O estrangeiro

O estrangeiro por sua natureza não é proprietário do solo, e o solo não é somente compreendido no sentido físico, neste caso, mas, também, como uma substância delongada da vida, que não se fixa em um espaço específico, ou em um lugar ideal do perímetro social. Nas relações mais íntimas de pessoa a pessoa, também, todas as atrações e significâncias possíveis no cotidiano das experiências simbolizadas podem revelar o estrangeiro. O estrangeiro é sentido, então, precisamente, como um estranho, isto é, como um outro não “proprietário do solo” (Simmel, em O estrangeiro)

Estranho essa coisa de sentir. Nada é tão certo, e nada é tão concreto. Problemas para um virginiano, ou para alguém que teima em querer ter explicação para tudo. Há três meses aceitei e lutei por um projeto que parecia ser interessante e que me faria feliz. Fez, foi interessante, e a prova disso é que agora me vejo de novo, no meio de sentimentos tão confusos e díspares quanto qualquer pessoa que vive as coisas intensamente.

De um lado, começo a sentir a “ressaca” da volta, aquela saudade de algo que se viveu intensamente todos os dias. Das buzinas, das muitas buzinas. Das empanadas, do vinho barato, e da tentativa constante de tentar entender e por vezes até falar uma língua diferente. Sinto como se a vida, o cosmos, me tivesse brindado com uma convivência tão rica em um país que ao mesmo tempo parece tão próximo e tão distante. Há muitas fronteiras. Geográficas, físicas, sentimentais, e principalmente culturais, mas nenhuma delas me impediu de curtir cada passo desviado de fezes de cachorro, cada centímetro disputado no “subte”, cada viagem longa de ônibus, e todas as comidas, bebidas e bares que, mesmo se repetindo, eram sempre surpreendentes.

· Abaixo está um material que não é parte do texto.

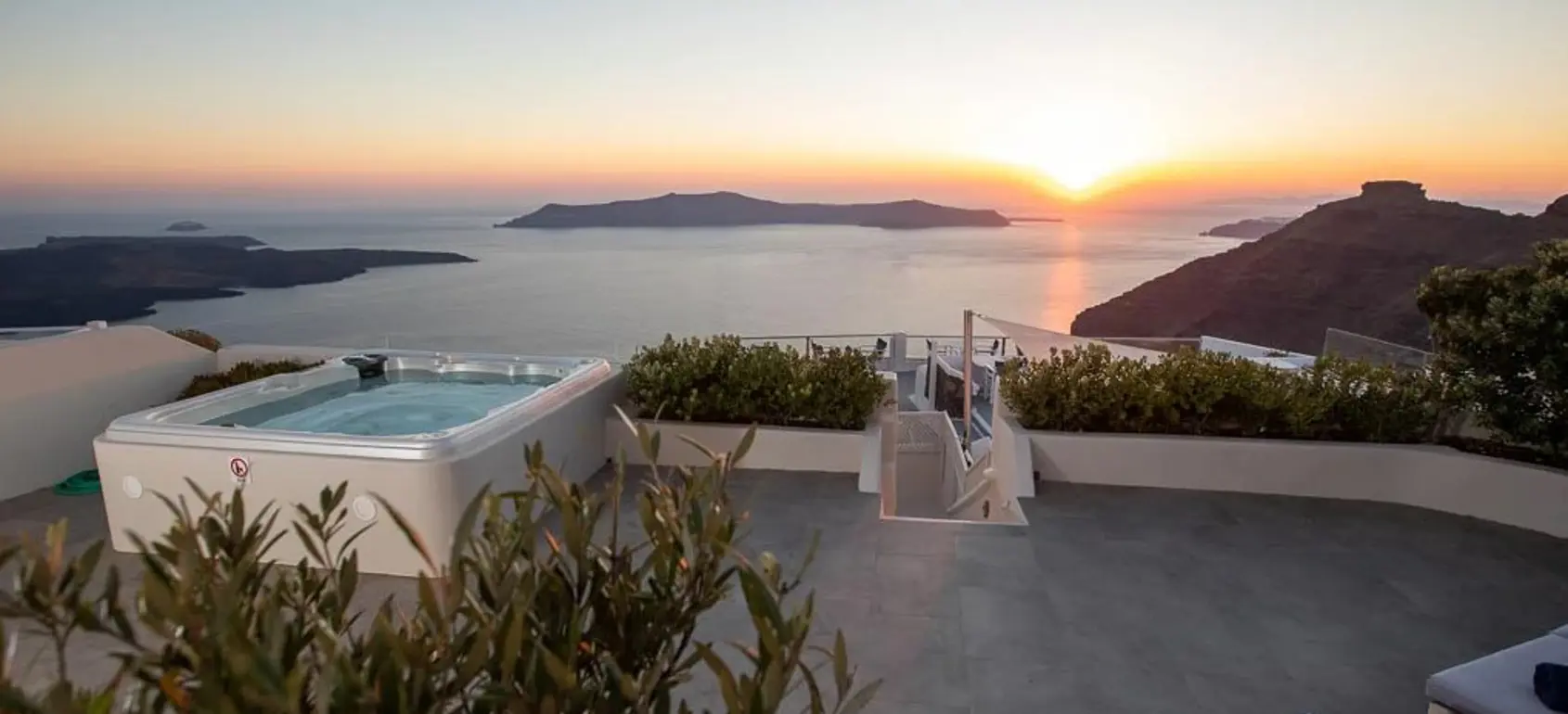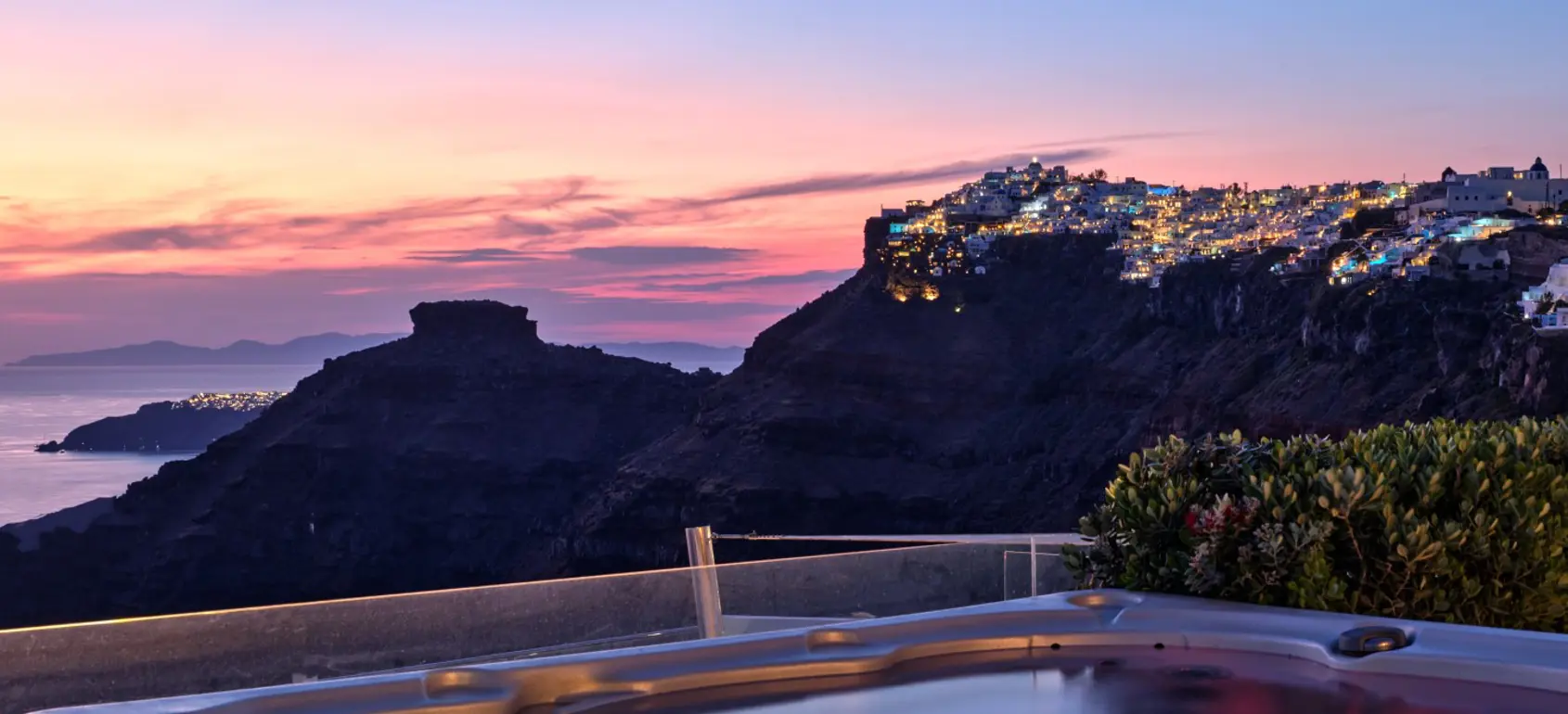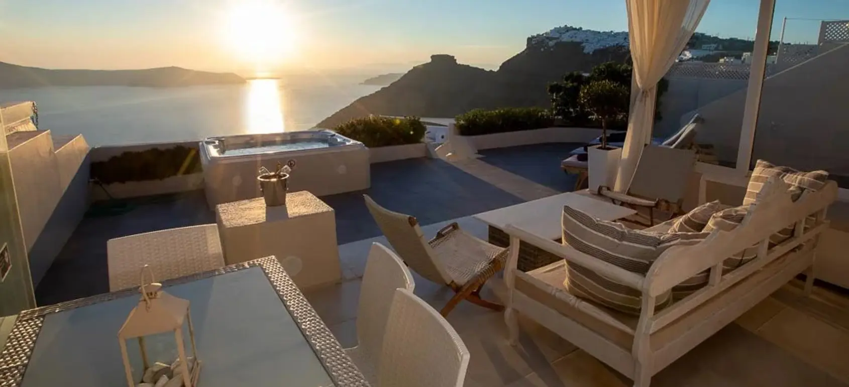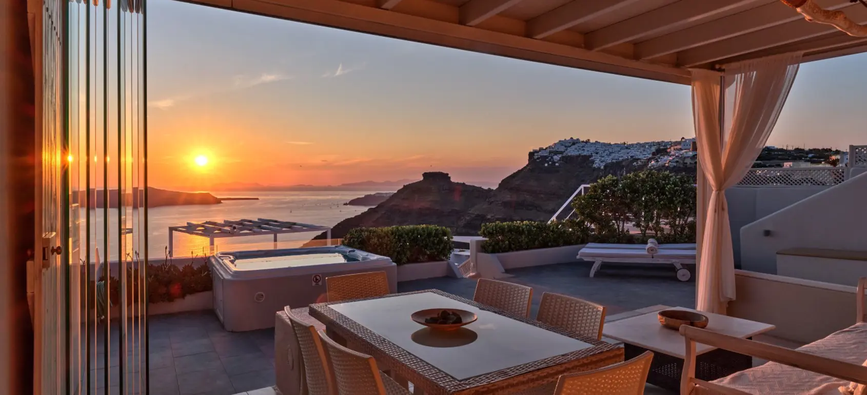Panoramic views properties of the azure Aegean Sea and the world-famous Santorini sunset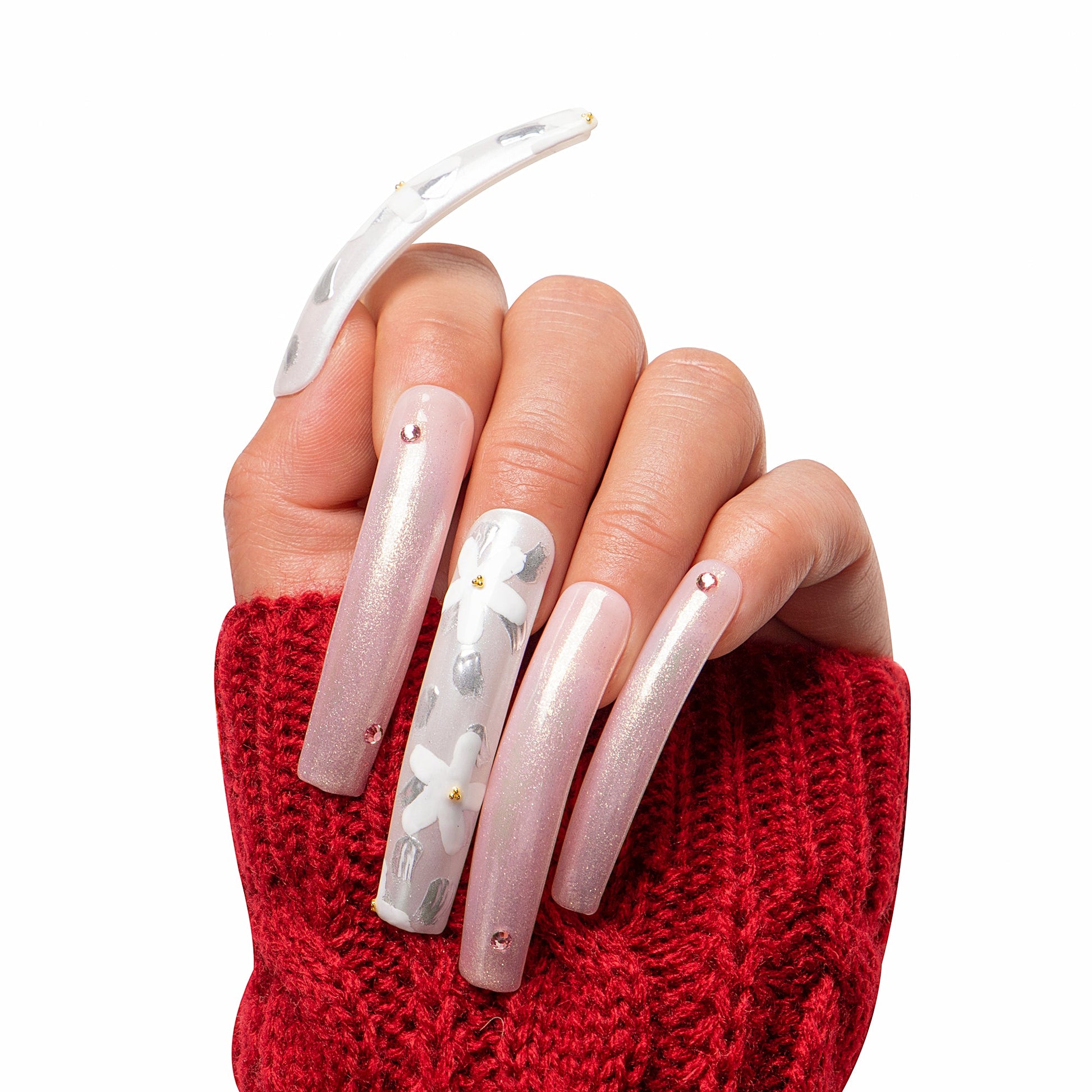 The nails feature a delicate pink base, softly enhanced with pink shell powder to create a warm, glowing halo. White flowers and subtle silver paint add a touch of purity and freshness, evoking the image of blossoms glowing softly in the snow. Perfect for those who appreciate understated beauty and timeless elegance, Flower in Snow nails offer a tranquil and eternal charm, making your manicure a serene and captivating statement.

Fiquei longe de muitas coisas que gosto demais, e isso me provoca esse outro lado que me faz ficar feliz e impaciente para a volta. Não, não é do calor que estou falando. Eu to falando é das pessoas. Mesmo que duas das mais importantes tenham vindo me visitar, sinto que cada vez mais preciso de pessoas boas ao meu lado. Sinto que não há nada mais valioso que sentimentos sinceros, e que nada substitui uma amizade honesta. Quero voltar, quero dormir do lado de quem amo, e quero sentir os amigos próximos.

Ao mesmo tempo, e por isso que é tudo tão rico, senti nessa distância, pessoas se aproximarem ainda mais. Fui a lugares indicados por pessoas que me fizeram olhar para um outro mundo de várias formas diferentes. Senti que não sinto tanta falta de uma cidade ou outra, mas daqueles que estão ao meu lado. De uma forma muito estranha, me dei conta de que minhas escolhas sobre meu futuro não são tão certas, e que, de uma hora pra outra, tudo pode mudar e me fazer ver as coisas de uma forma bem mais sensível do que eu as via antes.

E assim, o tempo e suas ardiduras insistem em me ensinar coisas, me perceber ignorante, curioso e cada vez mais aberto às suas lacunas, rupturas e incertezas. Sentir é, inevitavelmente, estar imerso intensamente em contradições e sensações alternantes.